There is clearly some room for improvement here.
Option 1: Add a Data.Set as a field of IxSet.
data IxSet = IxSet (Set a) [Map key (Set a)]
In 5 through 6 we see needless and costly conversion. Just adding a
field would carry a Set from 5 to 7.
Option 2: Add a Data.Set as a field of IxSet and use linear search
from now on.
data IxSet = IxSet Bool (Set a) [Map key (Set a)]
Gives same benefit as option 1 plus see points 3 and 4. There we first
create a Map to use it just once to lookup one key. That is O(n log n
+ log n). Just going over the Set would be O(n) and that is better.
Rule: only the first query uses indexes, ones that follow use linear
search.
Option 3: Make query functions return just a Set.
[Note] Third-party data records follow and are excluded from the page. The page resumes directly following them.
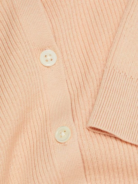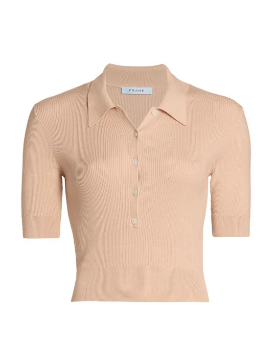 Frame’s short-sleeve polo is crafted of a luxe silk and cotton blend. This sweater is designed in a rib-knit with a point collar.
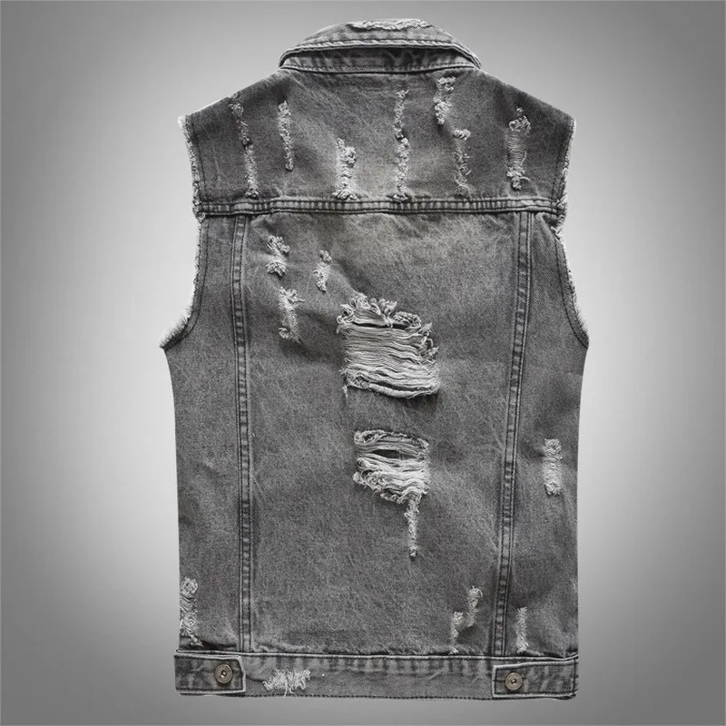 В винтажном стиле; Сезон весна-осень Дизайнерские мужские джинсовый жилет мужской ретро Куртки без рукавов мужские рваные джинсовые жилеты для Размеры M-5XL
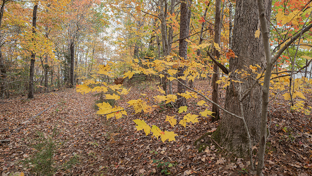 The 22-Acre Woods are, for all practical purposes, my private preserve-- for which I pay no taxes or have any liability. My wife and I own a quarter-acre lot nestled into the northwest corner of our subdivision, which is also the southwest corner of the 22-Acre Woods (And I am the only one who refers to the small tract of trees in this way). There are roughly 800 people in our development, and we may see a dozen of them-- generally the same dozen, mostly teenagers-- walking (or biking) through the woods in a given week. I am the only one I have ever seen with a camera in the woods. They are owned by a family of six or so elderly children who can't find a buyer for the property because it is landlocked with one access point in and out, and it is a drainage area for rainwater on its way to the sea. There are more attractive parcels close-by for developers to choose, and I relish each day without a bulldozer in it. I can walk out our back door, or our front door, and be in the woods as quickly as I can check the mail. They are a wonderful mixture of hardwoods and pine. The deer have moved out due to encroaching construction, but small animals and snakes and a pair of red-shouldered hawks are holding out for as long as luck allows. I am two weeks away from stepping into my 77th year, and osteoarthritis in both knees-- and COVID-19-- keep me from traveling to photo-worthy sites more than two hours away, and make the 22-Acre Woods my primary source for scenes. Access is always the first rule of photography. Without access, a camera is worthless regardless of what it costs, and the 22-Acre Woods are always accessible-- until the bulldozers arrive and begin doing their thing. So, I welcome another fall, and the daily opportunity to go for a walk in the woods. With a camera in hand.
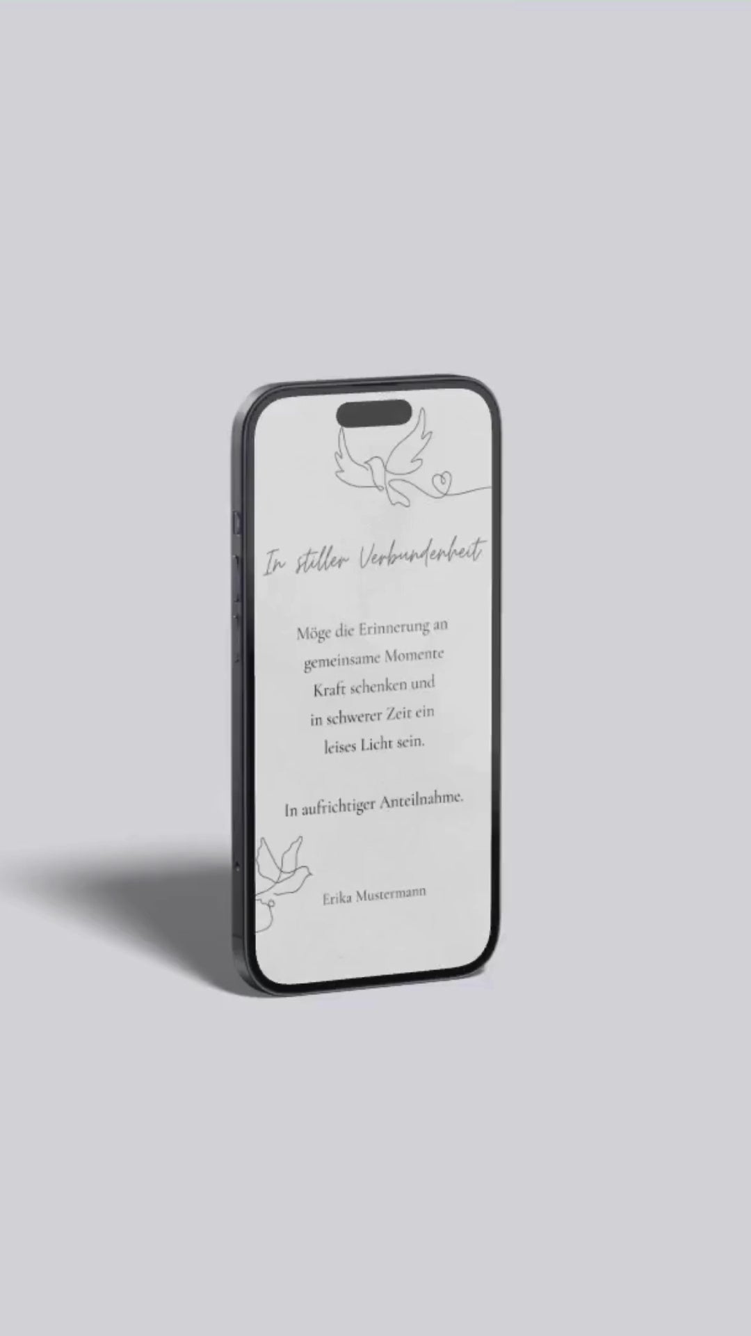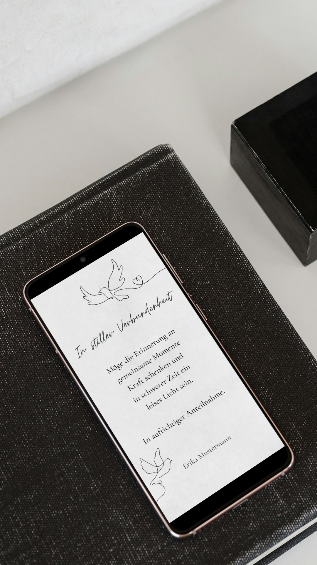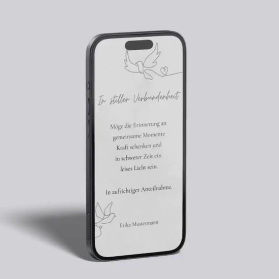 Diese digitale Kondolenzkarte verbindet stille Anteilnahme mit einem sanften, modernen Design. Die feine Linienzeichnung einer Taube steht symbolisch für Frieden, Hoffnung und Verbundenheit. In Kombination mit dem klaren Weißraum entsteht eine ruhige, zeitlose Gestaltung, die Trost spendet, ohne aufdringlich zu wirken.
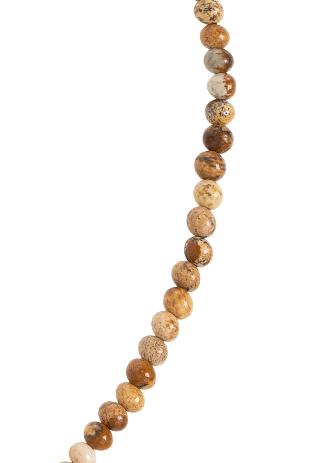 Naszyjnik w kolorze brązowo-beżowym MARANT. Wykonany z mosiądzu w kolorze srebrnym i kamieni. Zapinany na karabińczyk z blaszką z wygrawerowanym logo.

(@=) :: IxSet a -> index -> Set a
This puts it explicitly in the system that using sequential indexing
doesn't do what you would like it to do. Recreating indexes is more
costly than just going through all elements of the set.
The above analysis is correct (I hope) for the case of equal index
search and when we search for indexes of different types. If you want
to take @< and @> into account everything becomes a bit more muddy.
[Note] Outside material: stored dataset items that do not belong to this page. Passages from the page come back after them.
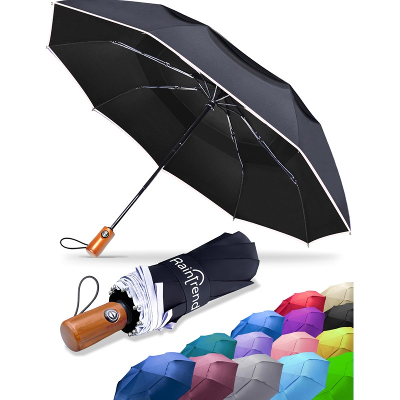 - WINDPROOF UMBRELLA Double Canopy with reflective stripe is well-designed and elegant. Ergonomic wooden handle is of classic style. Size of the oversized umbrella is perfect to cover up to 2 people to protect from rain! Reflective strip improves your visibility at night and in the rain
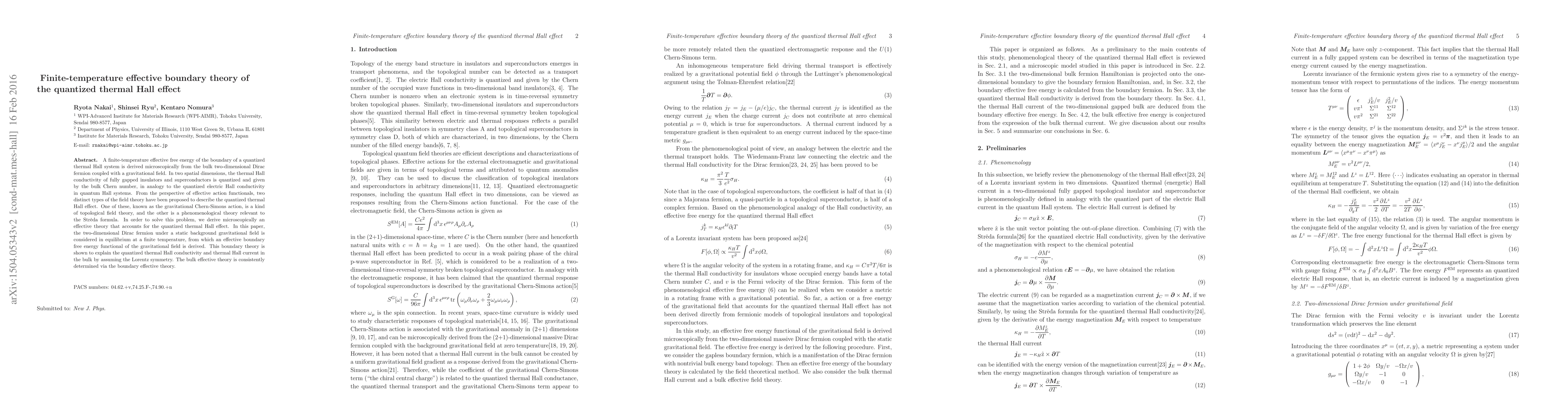 This paper derives a finite-temperature effective boundary theory for the quantized thermal Hall effect from a two-dimensional Dirac fermion system coupled with gravity. The study reveals that the thermal Hall conductivity in gapped insulators and superconductors is quantized, analogous to the quantum Hall effect, and proposes an effective boundary free energy functional that explains the observed thermal Hall current.
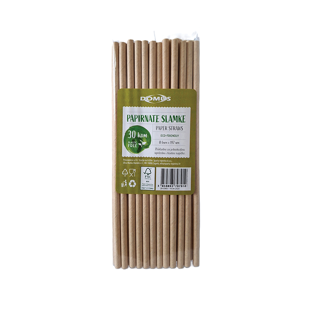 Papirnate slamke izrađene su od kvalitetnog papira pogodnog za kontakt s pićem. Čvrste su, praktične i prikladne za hladne napitke, a nakon uporabe predstavljaju ekološki prihvatljiviju alternativu plastičnim slamkama za jednokratnu uporabu.
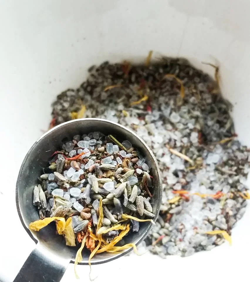 I would advise to mix the same amount of the blend and the Epsom salt which is what I did. Once mixed, it looks like a good balance. If you prefer one over the other feel free to change it up. I like having an even mix because this tea blend is super packed with goodies.
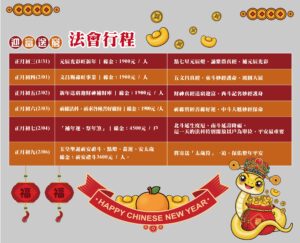 今年過年新春禮斗大全包法會,安太歲、蓋運、點燈 + 初三到十五科儀 + 一年一度補年運、祭年度煞神 + 送窮神迎財神 + 祈安禮斗 + 上元天官祈福手書。

What do you think we should do with IxSet?
--
Gracjan
Jeremy Shaw
Sorry about the slow reply.
Making IxSet speedier would be an excellent task for happstack 0.7,
which will focus heavily on the persistence layer.
As you have noted, the current IxSet implementation basically rebuilds
the IxSet after each operation -- which is not very great for
efficiency.
It seems to me that the reason we have to do that is because all the
indices are stored in separate maps. We basically have a separate
data-structure for each index, and so when we do a query on one of
those indices, we have no way of knowing what is valid/invalid in the
other maps, so we have to recreate them from scratch. under the hood,
Data.Map is basically just a balanced tree. (See the comments at the
top of the docs for links to relevant papers,
http://hackage.haskell.org/packages/archive/containers/0.3.0.0/doc/html/Data-Map.html)
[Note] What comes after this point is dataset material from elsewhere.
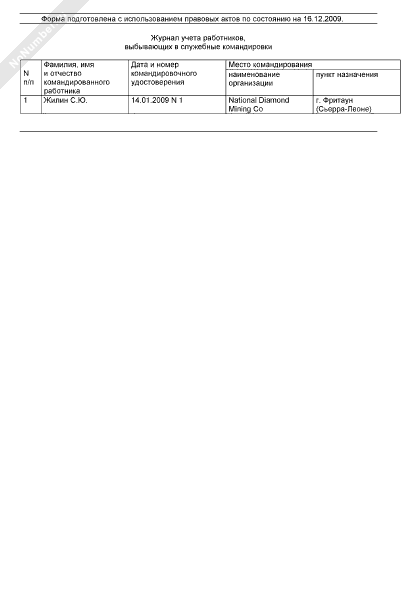 - 1676Журнал учета работников, выбывающих в служебные командировки

I am wondering if the best solution is to construct IxSet so that it
only has one tree under the hood. For example, something like the
kd-tree data structure,
http://en.wikipedia.org/wiki/Kd-tree
In a, Map k v, at each node of the tree, the 'k' is examined to
determine whether values go to the current node, or to the left or
right.
But, what if we extended it so that instead of examining just a single
index 'k', we examined all the indices ? Well, one problem with
examine all the indices at every node, is that we have many possible
directions to go. If we have two indices, for example, (Char, Int),
then we no longer have a clear idea of ordering. For example, if we
have the three elements:
('b', 2) ('a', 3) ('c', 1)
If our root node is ('b', 2), should we insert ('a', 3) to the left or
the right ? If we look at just the Char part, and insert to the left,
then we can efficiently look up values of the Char type, but we would
have to do an exhaustive search for the Int values, since they were
not considered when building the tree. Or perhaps we need four
directions instead of two. instead of left vs right, we have ll, lg,
gl, gg. Short for (less, less), (less, greater), (greater, less),
(greater, greater).
Then if we had, ('b', 2) and we insert ('a', 3) it be add at lg, since
'a' < 'b', and 3 > 2.
Now if we are searching on just the Char index, we find values that
are less than a Char taking the union of ll and lg, and greater than
Char by the union of gl and gg.
Likewise, if we are searching on just the Index, we take the union of
ll and gl, or lg and gg.
It also works well if we are searching for an index that is a (Char,
Int). To determine which way to go next we compare the Char and Int to
the current node and that will tell us if we should go ll, lg, gl, or
gg.
The downside of this method is that that data-structure is dependent
on the number of indices we have. If we want to have 3-indices, then
we have 8 possible directions. For n-indices we have 2^n possible
directions. If your datastructure has 16 indices, you are going to
have 65536 directions.. GHC is probably not designed to cope with a
data type with that many constructors. Plus, it means we have to have
unique datatypes and query functions for every different size 'n'.
But maybe we can do something similar. We stick with a binary tree
(which values stored in the nodes and the leaves), but at each node we
change which index we are looking at, cycling through all the indices
over time.
So let's say we have a tree with the root element (b, 2).
Next we want to insert (a, 3). Since we are at the first level of the
tree, we look at the first index. Since a < b, we insert it to the
left.
Then we want to insert (a, 4). We start again at the root of the tree,
so we look at the first index a < b, and insert to the left. But since
there is already a child at the second level we must do another check.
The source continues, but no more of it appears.